Levis Strauss and other multinationals, which refuse to deal with the unelected junta, appear to have more fans than Pepsi-Cola and the companies who are wheeling and dealing here.

"We are not opposed to the selling of natural resources, nor are we against foreign investment," explained Dr. Naing Aung, chairman of the influential, pro-democracy All Burma Students' Democratic Front.

"But my country is ruled by a dictatorship that has no right to conduct any international business contract that sells our natural resources, with no long-term sustainable benefit to the people, or future generations."

For example, the Democratic Front says it objects to multinational oil companies pouring millions of dollars into the hands of a greedy military regime, which enables Rangoon to buy weapons to slaughter innocent Burmese.

The Burmese government, however, insists it is just trying to develop and modernize the nation, to benefit all of its citizens.

The Democratic Front, meanwhile, warned in a 33-page report on foreign investment: "Any agreement undertaken with an illegal regime will not be honored by the Burmese people" when democracy comes to Burma.

They pointed to civilians who are used as mass, unpaid, forced labor to clear jungles, build roads, and improve tourist attractions so foreigners will be tempted to invest.

"Their daily lives have become subject to beatings, back-breaking forced labor, trench digging and building camps for the troops," the front said.

They also cited Burma's frequent military assaults against minority ethnic groups to secure rebel-held regions, so a petroleum pipeline and other projects can be installed.

"The monies paid by the oil companies were used principally to buy those arms from overseas," the front added.

London-based Amnesty International and the US State Department have confirmed allegations of widespread human rights abuses, which the regime repeatedly denies.

A senior Western diplomat however said in an interview, "I personally think their boycott calls are pointless.
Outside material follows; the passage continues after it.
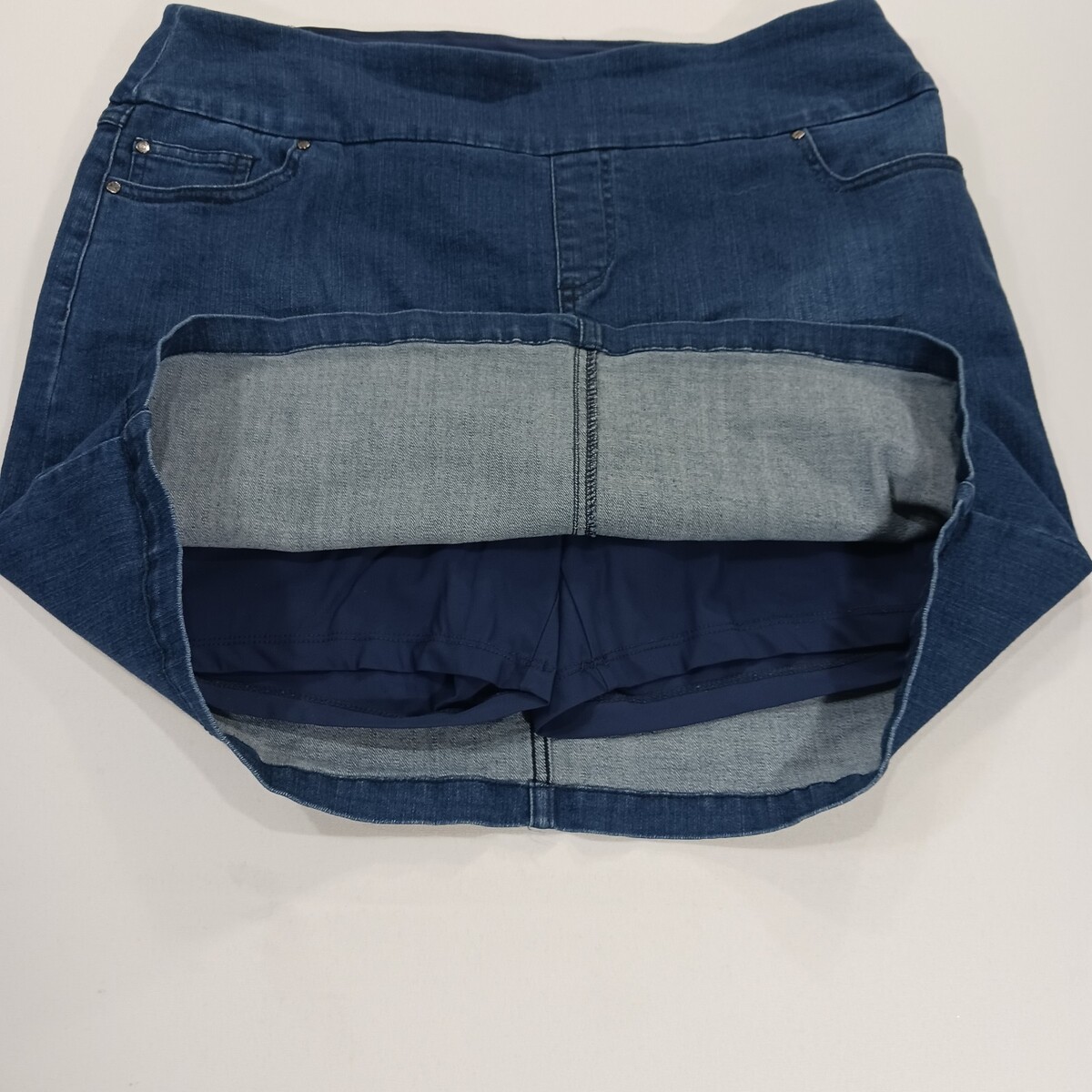 • S.C. & Co. Denim Skort Women’s Blue Pull-On Stretch Mini Skirt Size Large image 4

They are wasting their breath.

"The Burmese people want Pepsi-Cola. They factory is here and people can have jobs.

"And there is no way you are going to get the Chinese to agree to an arms embargo," the diplomat added.

The latest sore point is over wealthy oil companies which hope to benefit from a Burmese petroleum pipeline project and other exploration rights.
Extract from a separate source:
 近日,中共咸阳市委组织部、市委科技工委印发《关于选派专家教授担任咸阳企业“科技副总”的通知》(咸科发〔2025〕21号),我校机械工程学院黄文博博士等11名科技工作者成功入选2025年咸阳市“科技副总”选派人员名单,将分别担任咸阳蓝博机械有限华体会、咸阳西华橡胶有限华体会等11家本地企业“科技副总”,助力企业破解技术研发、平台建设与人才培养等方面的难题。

The oil companies include Texaco and Unocal from the United States, France's Total, British Premier, Japan's Nippon Oil, and Thailand's Petroleum Authority.
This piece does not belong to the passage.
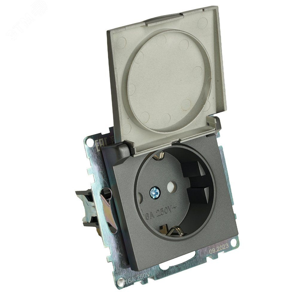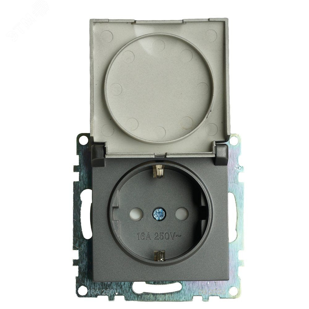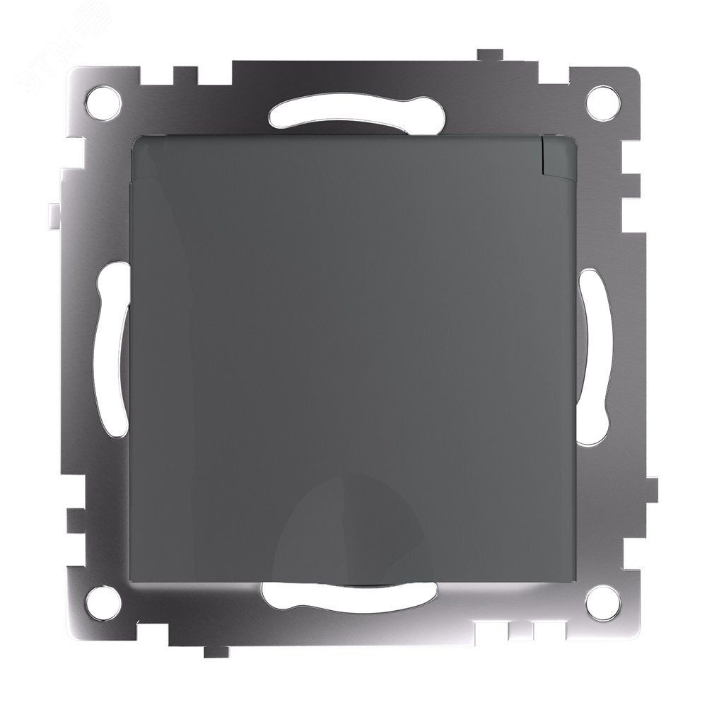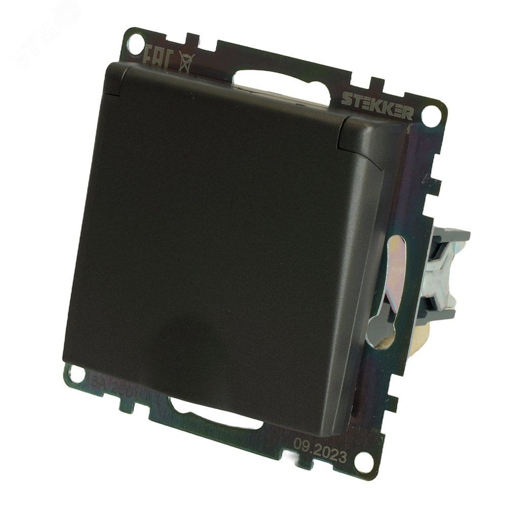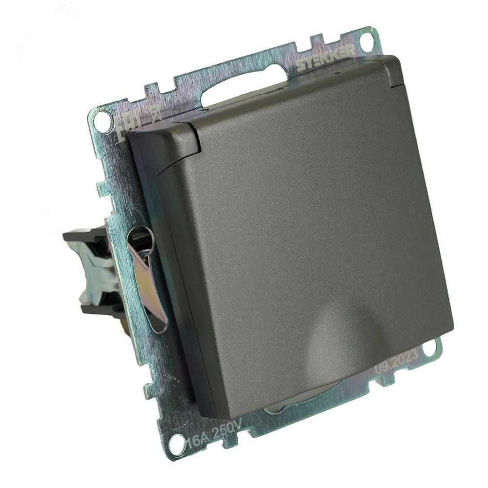 Розетка одноместная с/з с крышкой серия Катрин графит STEKKER

The pipeline would come from the Martaban gas field in the Andaman Sea, and hit land near Kanbaut, between the southern towns of Ye and Tavoy.

The pipeline would then continue east, cutting across Burma, and enter Thailand at Nat Ei Taung where it would veer southeast towards energy-hungry Bangkok.

But international pressure against foreign investment in Burma has resulted in several successes.

The North America-based, pro-democracy, Burma-Tibet Group said in an interview, "As Levi Strauss and Co. noted, 'It is not possible to do business in (Burma) without directly supporting the military government and its pervasive violations of human rights'."

A Bangkok newspaper, The Nation, recently reported, "Amoco, the fifth largest oil company in the world, after spending over 120 million US dollars in Burma, was obliged to pull out (of the pipeline project), for what it called 'economic reasons' earlier in the year."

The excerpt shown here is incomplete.